Financial cost-driven inventory, or merchandise financial planning (MFP) as it’s widely known, scrutinizes the entire life cycle of the product, from origin to retirement and maps that onto a financial curve to ensure profitability throughout — all with an eye toward adapting inventory to constantly-shifting consumer demand behavior
For example, apparel items are seasonal with fluctuating demand throughout the year. With MFP, retailers can plot these demand fluctuations and align inventory and demand directly to their profit goals. This provides retailers with visibility of when they should achieve maximum profit, when to promote products, and when to put them on sale, and still maintain decent margins throughout the process. Contrast that to today’s model, where it is generally understood that a galling amount of apparel ends up in landfills, usually after reactive markdowns clear it off the shelves at a loss for next year’s items.
Maximizing demand spikes
By being hyper-focused on demand and aligning inventory in real-time, you can not only avoid excess stock and all the financial precariousness this causes but maximize opportunities during short-term demand spikes and constant shifts.
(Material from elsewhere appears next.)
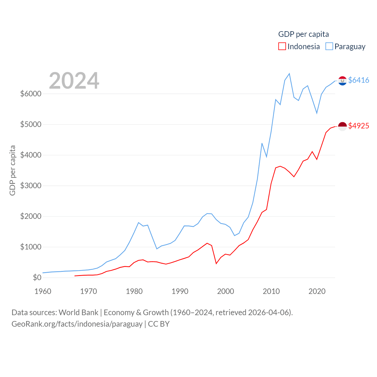 By GDP, Indonesia ranks 16/197 ($1.4T) and Paraguay ranks 98/197 ($44.5B). By GDP per capita, Indonesia ranks 121/197 ($4,925), while Paraguay ranks 109/197 ($6,416).
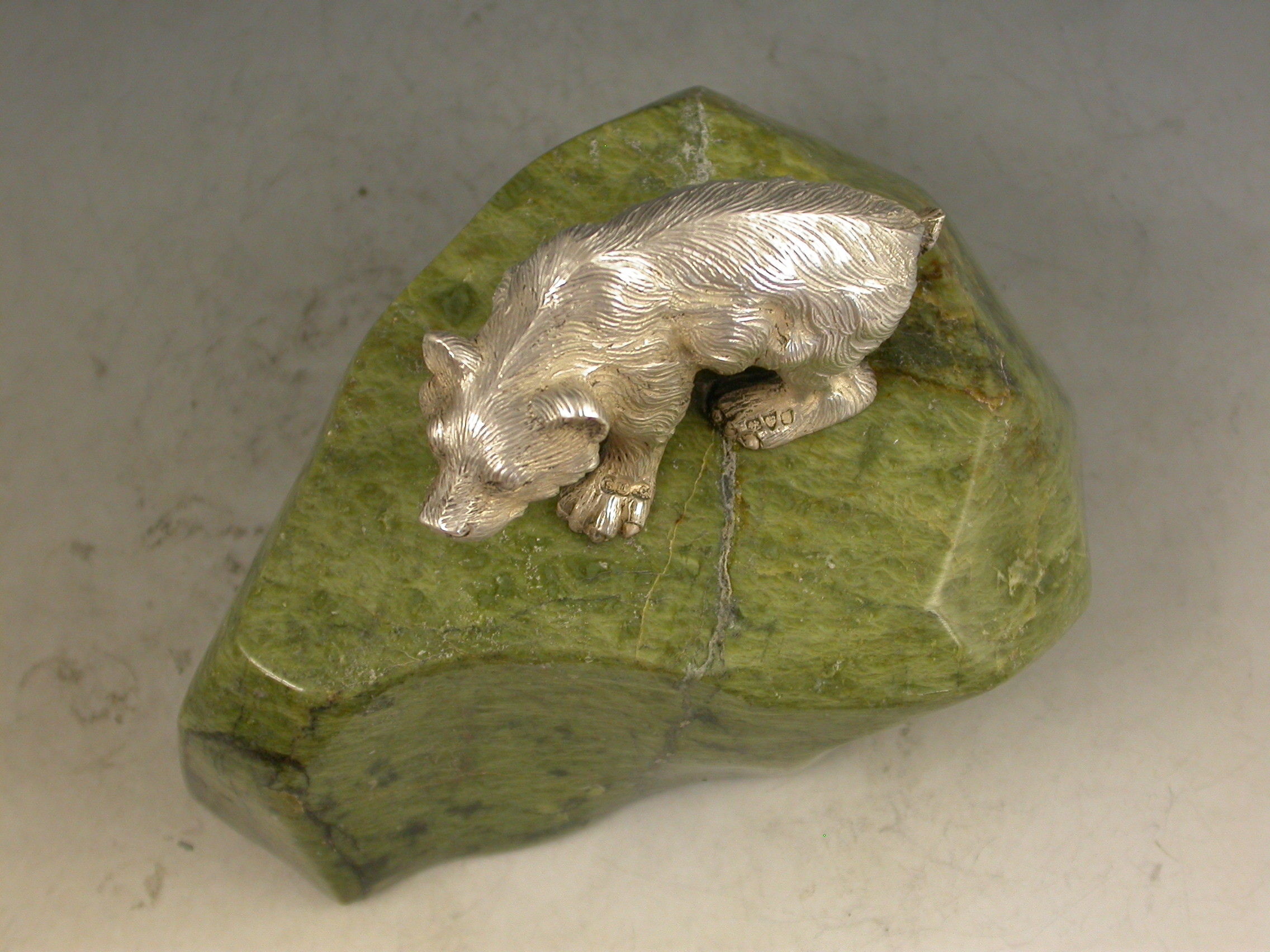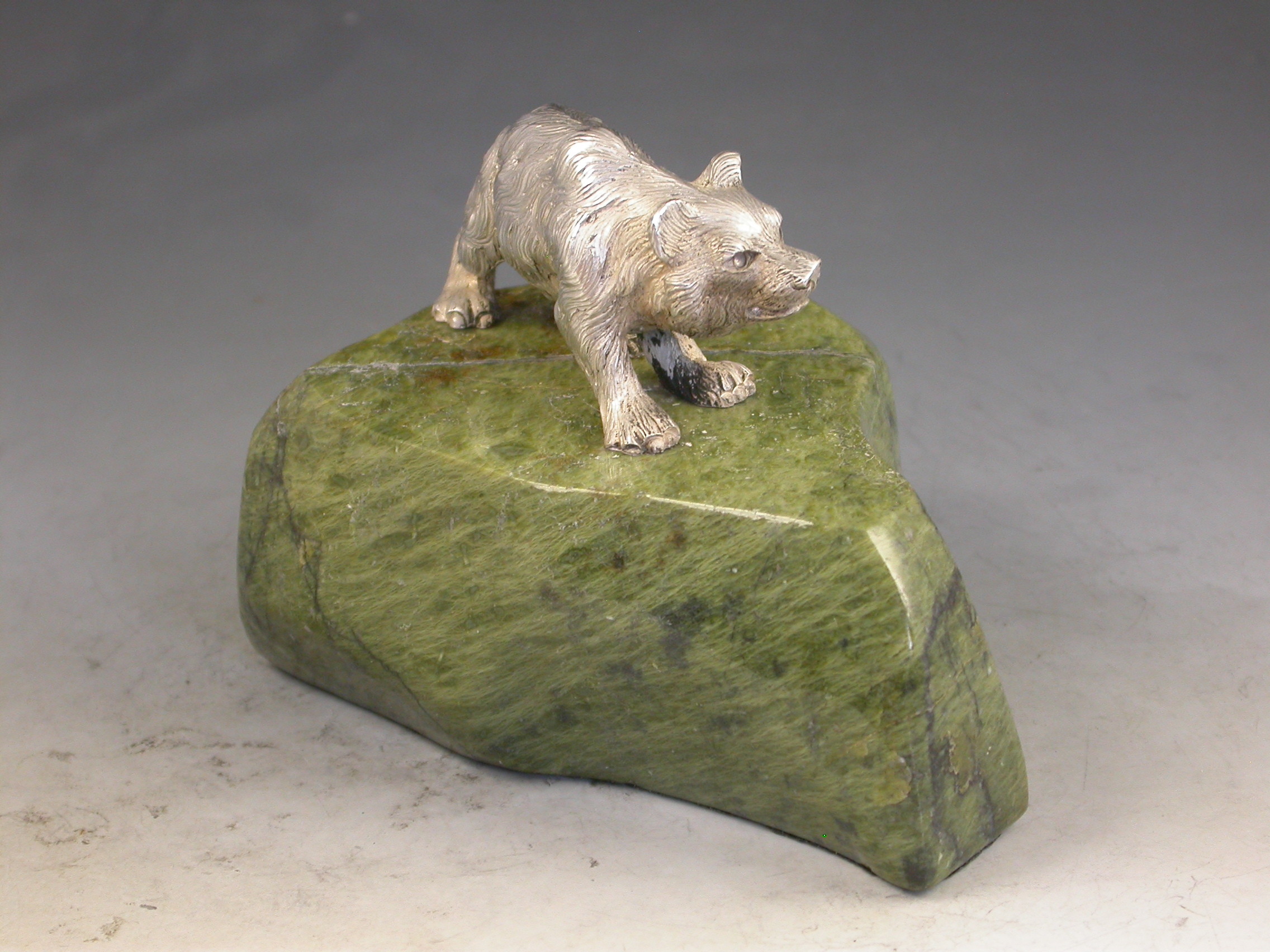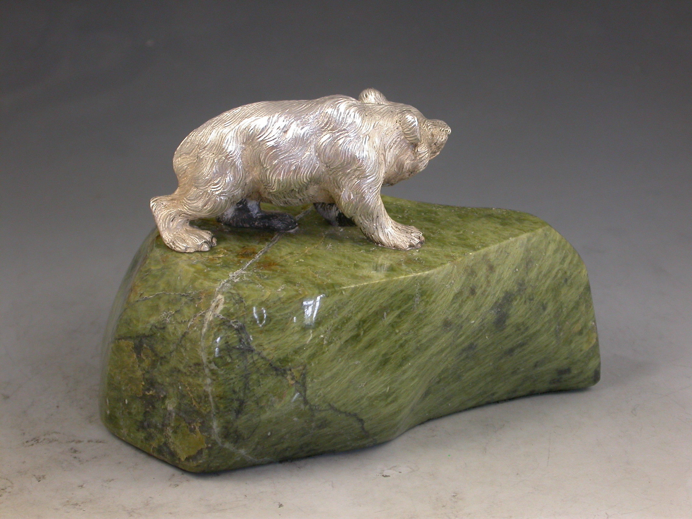 A very fine quality Edwardian cast silver model of a prowling Bear standing on a shaped green Connemara marble base.

These spikes can be triggered by cultural events (new movies that garner certain crazes — Barbie and pink clothing or the Lakers winning the NBA championship), seasonality (holidays like Christmas, Halloween, and Diwali) or societal shifts (like the rise of veganism and healthy eating). They always cause ripples across the supply chain as suppliers and retailers seek to take advantage of changing consumer demand as it occurs. But this peak demand phase only has a certain shelf life and today’s Barbie pink might soon turn into Wednesday’s black.
MFP equips retailers with the ability and agility to predict these demand signals and monetize their inventory before it even hits the shelves. At Anaplan, we apply a financial lens to your inventory focusing on demand rather than just stock levels and align your inventory to these demand spikes.
Dynamic planning with Anaplan
Our MFP solution integrates financial, inventory, sales, buyer, and merchandise data into one cohesive view. When combined with external market data, such as box office predictions, as well as data from suppliers and partners, you can conduct more accurate what–if scenarios, aiding you in predicting, planning for, and forecasting upcoming demand signals.
It’s time to break away from tradition and transform retail merchandising to align shifting demand to profitable inventory turn. Unyielding financial pressures, the realization that uncertainty is a fixture of today’s business environment, and the overwhelming risk of carrying a bloated inventory are compelling reasons to change.
MFP could be the key to evolving your inventory to align with your financial goals and shifting demand — all helping to make sure U.S. retailers are only carrying enough spare stock next year to buy just one major league sports team.